I am trying to analyse differential gene expression in 83 samples split up into three groups following the protocol described by Pertea et al., 2016 (doi:10.1038/nprot.2016.095).
Now I have two CSV files for each pairwise comparison, one with the transcripts results and other with gene results. I have assigned a column with the gene name to the gene results file following Freeze's instructions (https://www.biostars.org/p/218136/).
A lot of rows have a dot "." as gene name... I suppose that it means "unknown gene". Is it correct? But when I look for these transcripts in the transcripts results file I find that the same transcript has multiple gene names. What's happen?
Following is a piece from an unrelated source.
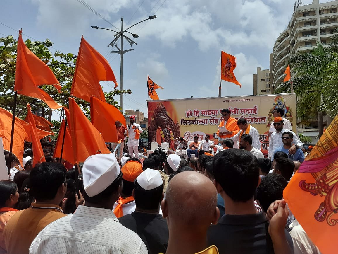 Narendra Patil, former MLA and Mathadi leader was also present in the morcha. He said that the majority of the population in Ulwe is Hindu and there is hardly anyone from Muslim community. “Muslims should be given a plot for a mosque where they have a majority,” said Patil.

A technical question: What does StringTie do when a transcript matches with multiple exomes/genes? How does StringTie count it?
Gene results:
geneNames feature id fc pval qval exp_sig
1385 . gene MSTRG.18605 0.3612696 8.836918e-05 0.02780747 Downregulated
2009 . gene MSTRG.2251 0.3705158 1.723619e-04 0.03990178 Downregulated
3565 . gene MSTRG.31880 0.2855206 2.766333e-05 0.02210375 Downregulated
3577 . gene MSTRG.3192 0.4190300 2.500196e-04 0.04590761 Downregulated
7730 . gene MSTRG.52616 0.4974403 1.902062e-04 0.04187998 Downregulated
8791 LOC102724999 gene MSTRG.57635 0.4391518 7.886925e-05 0.02780747 Downregulated
8833 RRM2 gene MSTRG.5791 0.1491026 9.653982e-06 0.01517076 Downregulated
8941 . gene MSTRG.58419 0.4839879 2.913421e-04 0.04883999 Downregulated
9248 . gene MSTRG.7286 0.4853837 4.294071e-05 0.02455956 Downregulated
Extract info about MSTRG.18605 in transcript file
geneNames geneIDs feature id fc pval qval
12632 . MSTRG.18605 transcript 92336 0.8248940 0.348378059 0.8105198
12634 . MSTRG.18605 transcript 92338 0.5838309 0.180876736 0.7302217
12635 . MSTRG.18605 transcript 92339 0.4058340 0.051912182 0.5780383
12636 . MSTRG.18605 transcript 92340 0.3070723 0.002123351 0.2270620
12637 . MSTRG.18605 transcript 92341 0.8145933 0.510077645 0.8781143
12638 HLA-C MSTRG.18605 transcript 92342 0.1351463 0.002860136 0.2504040
12639 . MSTRG.18605 transcript 92343 1.0737243 0.810680044 0.9544281
12640 . MSTRG.18605 transcript 92344 0.4356676 0.012957412 0.3988734
12641 . MSTRG.18605 transcript 92345 0.5661032 0.014102596 0.4047605
12642 . MSTRG.18605 transcript 92346 0.4012696 0.048469168 0.5719337
12643 . MSTRG.18605 transcript 92347 0.2884399 0.004146397 0.2847510
12644 . MSTRG.18605 transcript 92348 0.3167699 0.033571700 0.5162445
12645 . MSTRG.18605 transcript 92349 0.3484434 0.017986318 0.4343761
12650 . MSTRG.18605 transcript 92355 1.1018119 0.684596561 0.9242470
12656 . MSTRG.18605 transcript 92362 1.2783697 0.407525370 0.8302648
12657 . MSTRG.18605 transcript 92363 0.6356763 0.383143717 0.8199931
12658 . MSTRG.18605 transcript 92364 0.9109425 0.752058633 0.9371627
12659 . MSTRG.18605 transcript 92365 0.7067905 0.098177182 0.6499381
12661 . MSTRG.18605 transcript 92367 0.7979155 0.371616108 0.8166484
12663 . MSTRG.18605 transcript 92372 0.8521393 0.347975902 0.8105198
12664 . MSTRG.18605 transcript 92373 1.1114767 0.630943495 0.9137496
12665 . MSTRG.18605 transcript 92374 1.1819176 0.227935366 0.7639951
12667 . MSTRG.18605 transcript 92376 0.8134280 0.242299301 0.7643093
12668 . MSTRG.18605 transcript 92377 0.8685366 0.616908528 0.9100701
12669 HLA-B MSTRG.18605 transcript 92378 0.4077784 0.080955383 0.6381334
12670 . MSTRG.18605 transcript 92380 1.0450625 0.892268294 0.9766652
12671 HLA-B MSTRG.18605 transcript 92381 0.8218658 0.667177666 0.9193687
12672 HLA-B MSTRG.18605 transcript 92382 0.7802102 0.441900921 0.8454283
12673 . MSTRG.18605 transcript 92383 1.1639513 0.778891293 0.9450891
12675 . MSTRG.18605 transcript 92386 0.5742808 0.170972054 0.7188115
12676 MIR6891 MSTRG.18605 transcript 92387 0.7063845 0.054794258 0.5844075
12677 MIR6891 MSTRG.18605 transcript 92389 1.3352687 0.217143588 0.7592203
did you check the coordinates of these genes/transcripts?
hey, did you find an answer to your question?